__Data supplied__
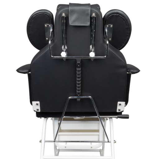 Fotel posiada ręczną regulację podnóżka, oparcia oraz podparcia rąk dla wykonywującego zabieg.
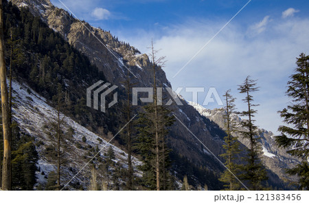 Wide-Angle Shot of a Mountainside with Evergreen Trees in Kalam, Pakistan
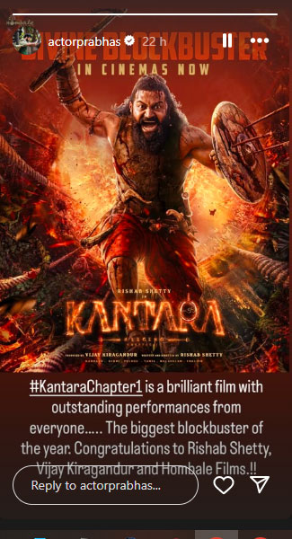 बाहुबली फ्रैंचाइज़ी, सलार, कल्कि 2898 एडी और कई हिट फिल्में देने वाले पैन इंडिया स्टार प्रभास लिखते हैं, "'कांतारा चैप्टर 1' शानदार फिल्म है, जिसमें सभी का परफॉर्मेंस आउटस्टैंडिंग है। यह साल की सबसे बड़ी ब्लॉकबस्टर फिल्म है। ऋषभ शेट्टी, विजय किरागंडूर और होम्बले फिल्म्स को बधाई!!”
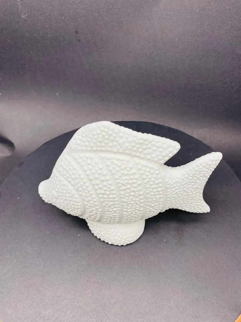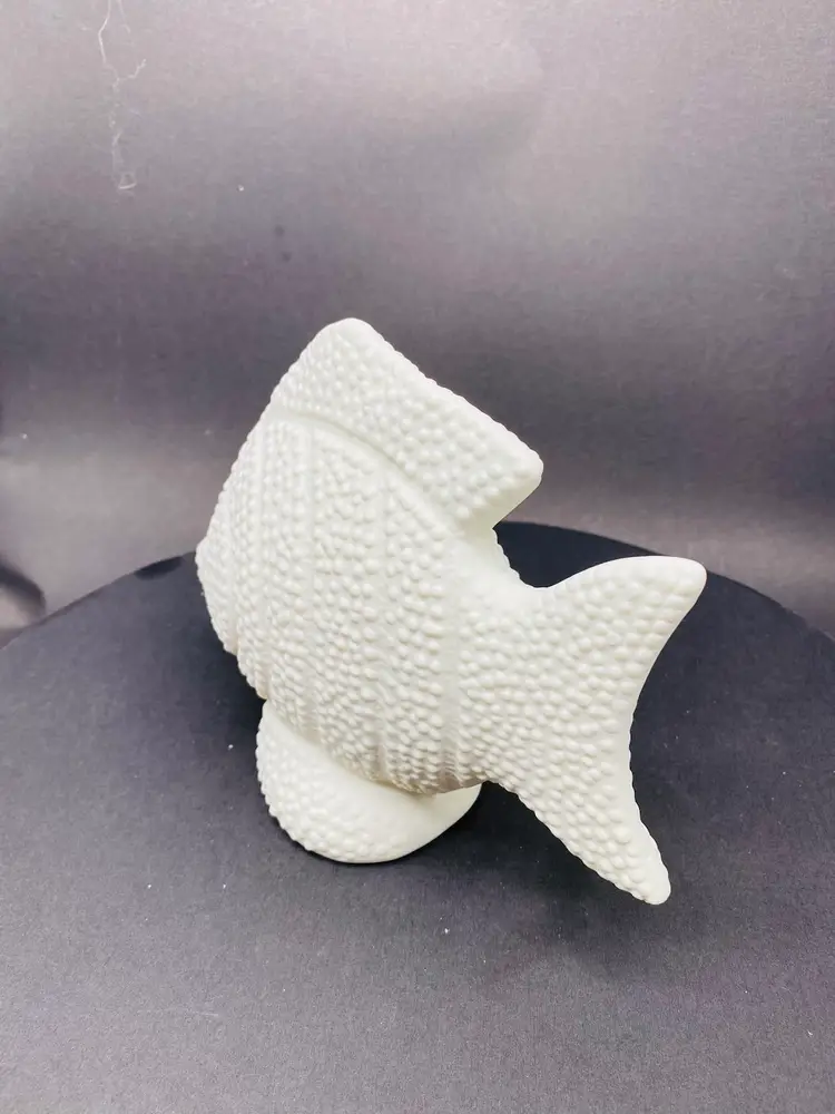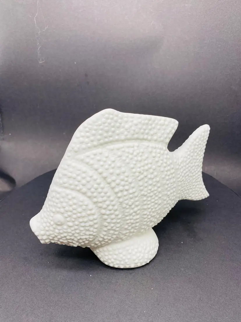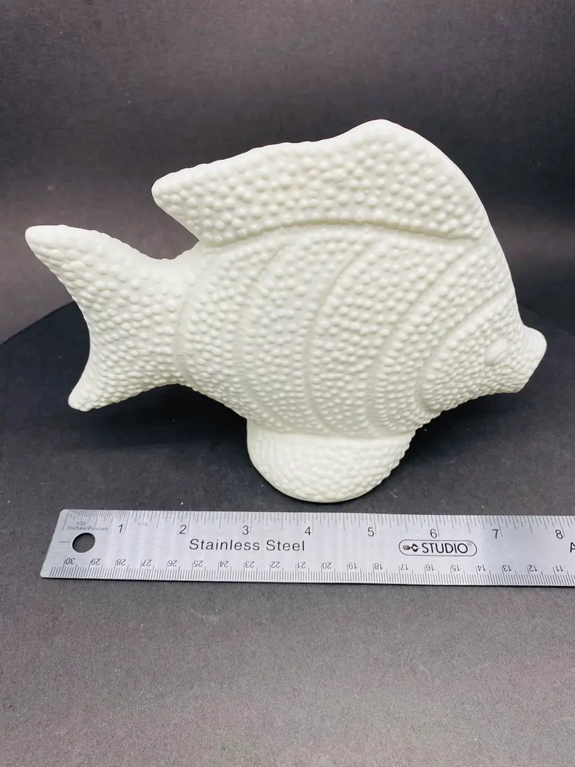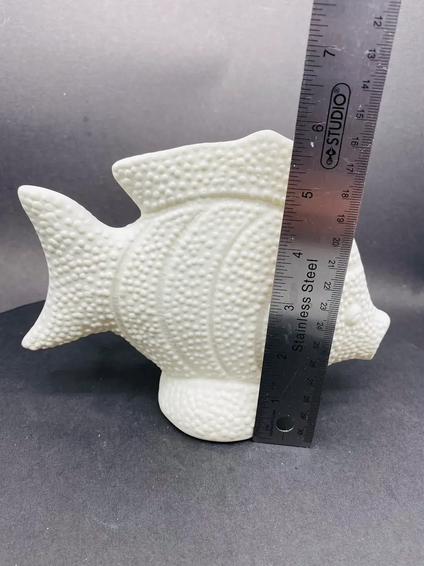 Add a touch of tropical charm to your space with this Bisque Ceramic Fish Decorative Figurine. Crafted from ceramic, this 8-inch white figurine features intricate details that bring the fish to life. Perfect for collectors or as a statement piece in any room, this figurine is versatile for all occasions. Ideal for those who appreciate unique and elegant decor, this figurine is a must-have addition to your collection.
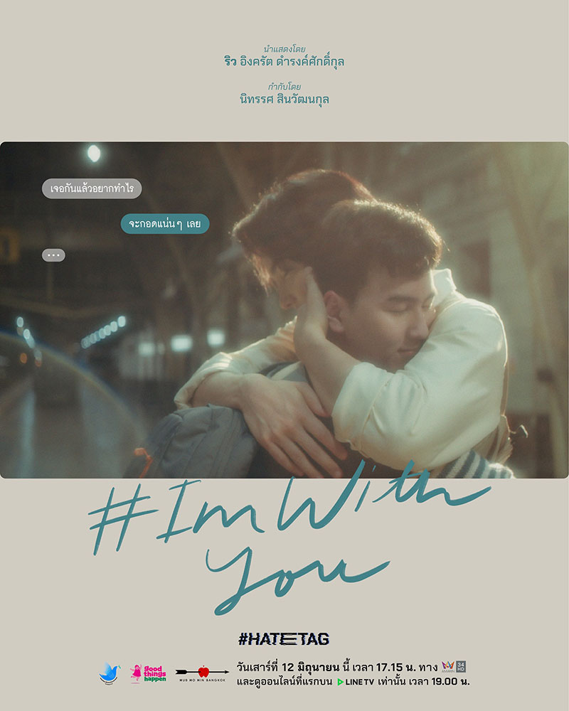 ติดตามชมหนังสั้นฝีมือผู้กำกับหน้าใหม่ สำหรับเรื่อง #ImWithYou นำแสดงโดย ริว-อิงครัต ดำรงศักดิ์กุล, สุทธิรักษ์ ทรัพย์วิจิตร และ ชยพัทธ์ วิรัตน์โยสินทร์ ออกอากาศ วันเสาร์ที่ 12 มิ.ย. 2564 ทางอมรินทร์ทีวีHD ช่อง34 ทุกวันเสาร์-อาทิตย์ เวลา 17.15 น. และ ดูออนไลน์ที่แรกบน LINE TV เท่านั้น เวลา 19.00 น.
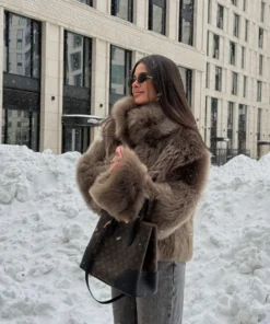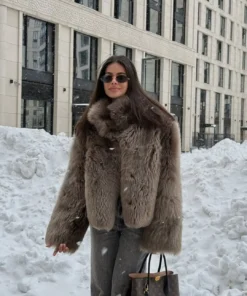 Winter Women Warm Faux Fur Coats Fashion Browns Long Sleeve Stand Collar Short Jackets 2025 Lady High Street Commute Outerwear
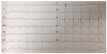 患者,男性,26岁,因"晕厥3 d"于2019年1月12日入院。患者3 d前无明显诱因下在上课时突发意识丧失,无四肢抽搐,无口吐白沫,无二便失禁,约2 min后意识自行恢复。发作前后无胸闷胸痛,无恶心呕吐,无头晕头痛。既往史:否认高血压、冠心病、心律失常、糖尿病和脑血管疾病病史。否认吸烟史,否认心血管病和猝死家族史。
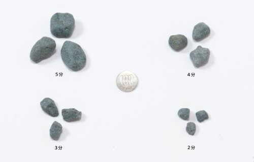 - 市販のものより硬度の高い岩(国産・四国)を砕石して丸めています。石が硬いと、粉が出にくく、風化しにくいのが特長です。
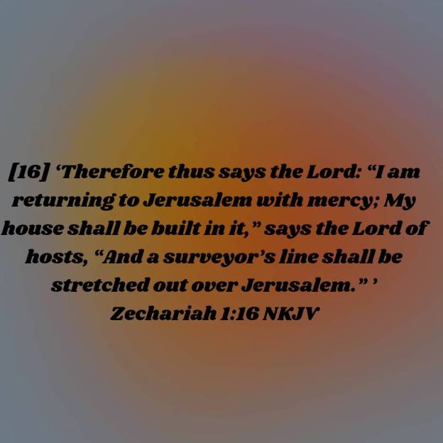 ‘Therefore thus says the LORD: “I am returning to Jerusalem with mercy; My house shall be built in it,” says the LORD of hosts, “And a surveyor’s line shall be stretched out over Jerusalem.” ’ “Again proclaim, saying, ‘Thus says the LORD of hosts: “My cities shall again spread out through prosperity; The LORD will again comfort Zion, And will again choose Jerusalem.” ’ ” Zechariah 16-17
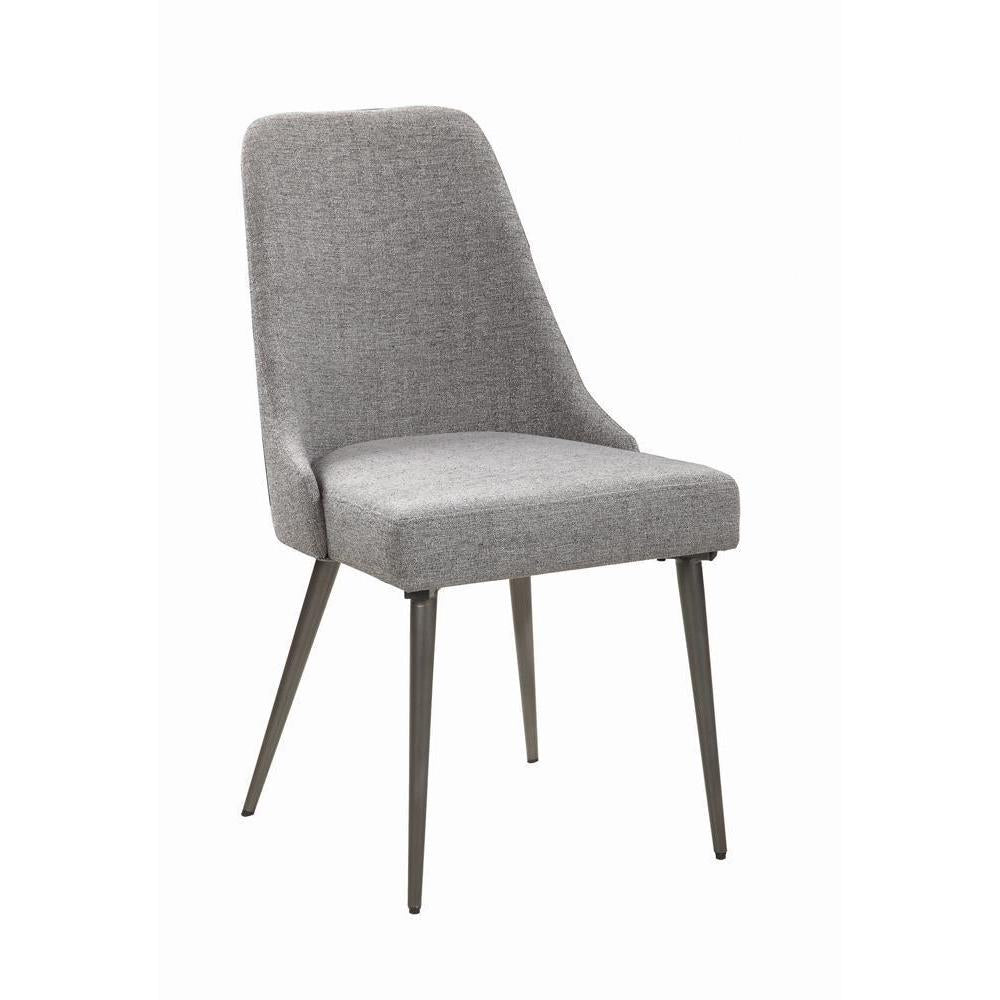 Inspire a modern motif with the clean lines and retro-like feel of this armless dining chair. mid-century modern design gets a contemporary makeover with sleek monochrome hues. thin, tapered legs in a gunmetal grey finish add a sophisticated and open feel. grey textured fabric covers the back and seat cushions, with a wingback-like silhouette. charming details and design create a clean piece that looks great around small and large tables.
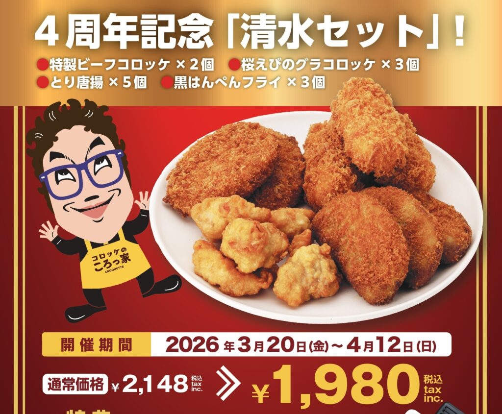 祝4周記念「清水セット」販売!3月20日~4月12日 コロッケのころっ家清水店限定!
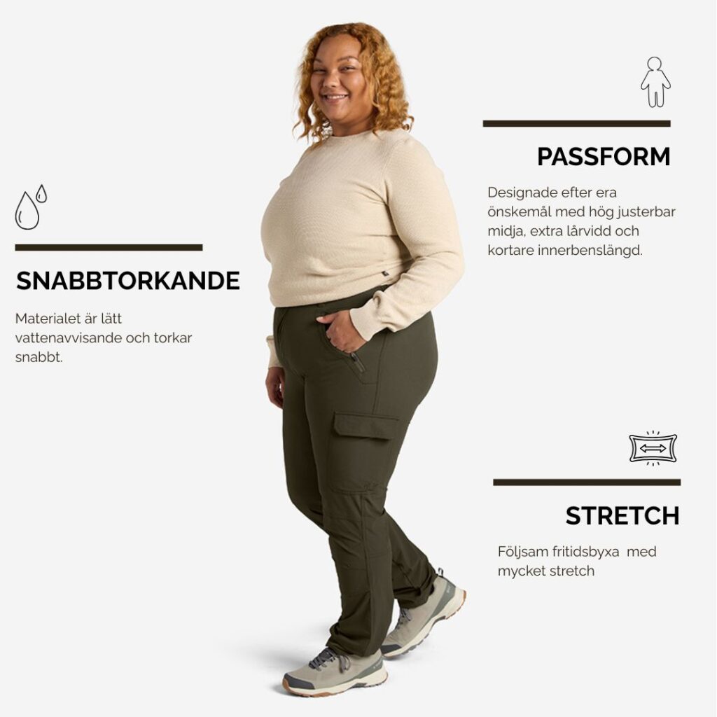 Välj en sval fritidsbyxa för sommarens utomhusaktiviteter. Det är extra viktigt att byxan är stretchig, snabbtorkande och att de inte är för tjocka. Vår byxa Evie är en uppskattad fritidsbyxa som finns i stora storlekar. En bekväm fritidsbyxa för alla utomhusaktiviteter, exempelvis trädgården, vandringen och hundpromenaden.
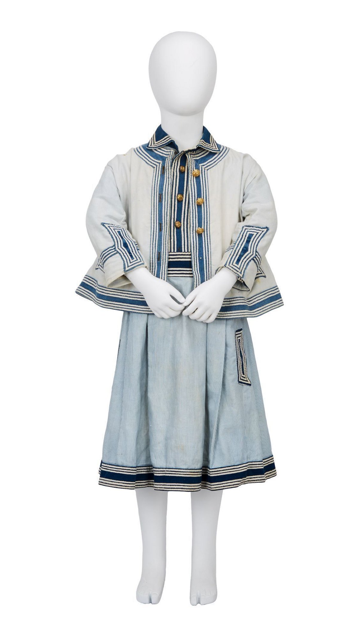 The auction at Julien’s also includes a charming little sailor dress and jacket that likely belonged to Edward and Alexandra’s second daughter, Princess Victoria. The outfit dates to 1872, the year that Toria turned four, and is marked with the initials “PV.” The ensemble was later owned by the Roberts family. John Roberts was the inspector of Windsor Castle during Queen Victoria’s reign, and his wife, Keziah, worked in the royal nursery. Their daughter, Mary Ann, was a dressmaker who made clothes for members of the royal family, including Princess Victoria. Members of Mary Ann’s family sold the sailor suit at Christie’s in February 1987. This time around, Julien’s expects the outfit to sell for $500-$700.
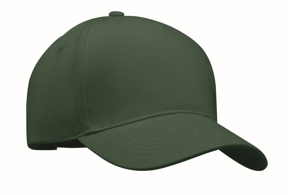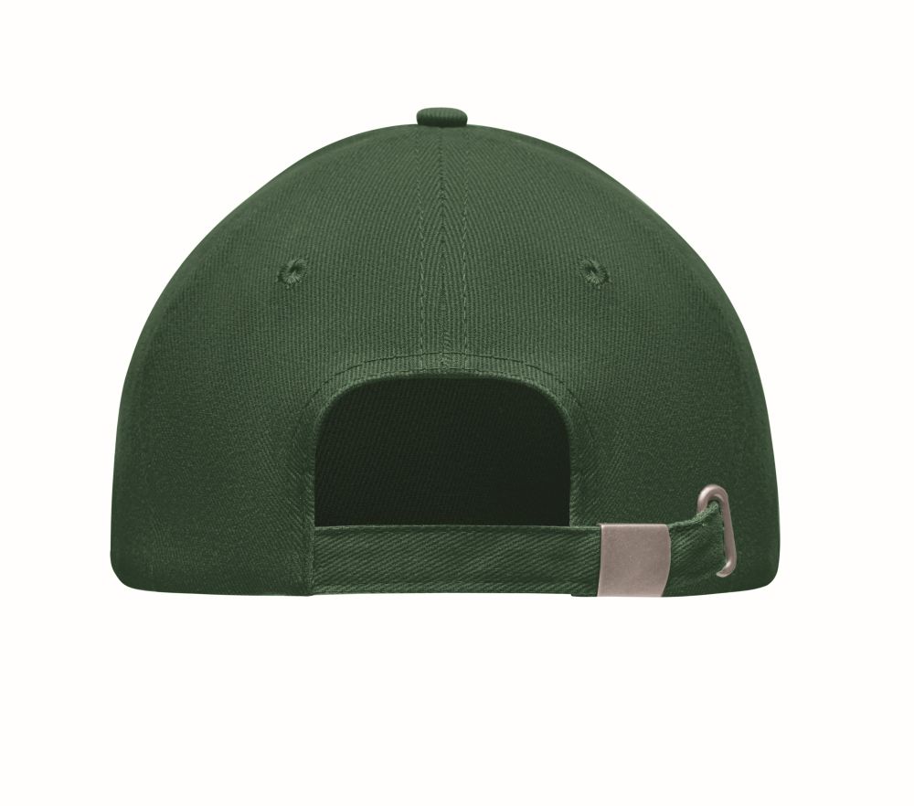 Pětipanelová baseballová čepice z těžké broušené keprové bavlny 260 g/m2 s ocelovou sponou. Čtyři vyšívaná očka ve stejné barvě. Velikost 7 1/4. Rozměry: 21x16x11cm

__What you need to do__
Write out, exactly as they appear, the lines from the one containing "Inspire a modern" through the end of the material above, excluding pictures.

__Result of this exercise__
 Inspire a modern motif with the clean lines and retro-like feel of this armless dining chair. mid-century modern design gets a contemporary makeover with sleek monochrome hues. thin, tapered legs in a gunmetal grey finish add a sophisticated and open feel. grey textured fabric covers the back and seat cushions, with a wingback-like silhouette. charming details and design create a clean piece that looks great around small and large tables.
 祝4周記念「清水セット」販売!3月20日~4月12日 コロッケのころっ家清水店限定!
 Välj en sval fritidsbyxa för sommarens utomhusaktiviteter. Det är extra viktigt att byxan är stretchig, snabbtorkande och att de inte är för tjocka. Vår byxa Evie är en uppskattad fritidsbyxa som finns i stora storlekar. En bekväm fritidsbyxa för alla utomhusaktiviteter, exempelvis trädgården, vandringen och hundpromenaden.
 The auction at Julien’s also includes a charming little sailor dress and jacket that likely belonged to Edward and Alexandra’s second daughter, Princess Victoria. The outfit dates to 1872, the year that Toria turned four, and is marked with the initials “PV.” The ensemble was later owned by the Roberts family. John Roberts was the inspector of Windsor Castle during Queen Victoria’s reign, and his wife, Keziah, worked in the royal nursery. Their daughter, Mary Ann, was a dressmaker who made clothes for members of the royal family, including Princess Victoria. Members of Mary Ann’s family sold the sailor suit at Christie’s in February 1987. This time around, Julien’s expects the outfit to sell for $500-$700.
 Pětipanelová baseballová čepice z těžké broušené keprové bavlny 260 g/m2 s ocelovou sponou. Čtyři vyšívaná očka ve stejné barvě. Velikost 7 1/4. Rozměry: 21x16x11cm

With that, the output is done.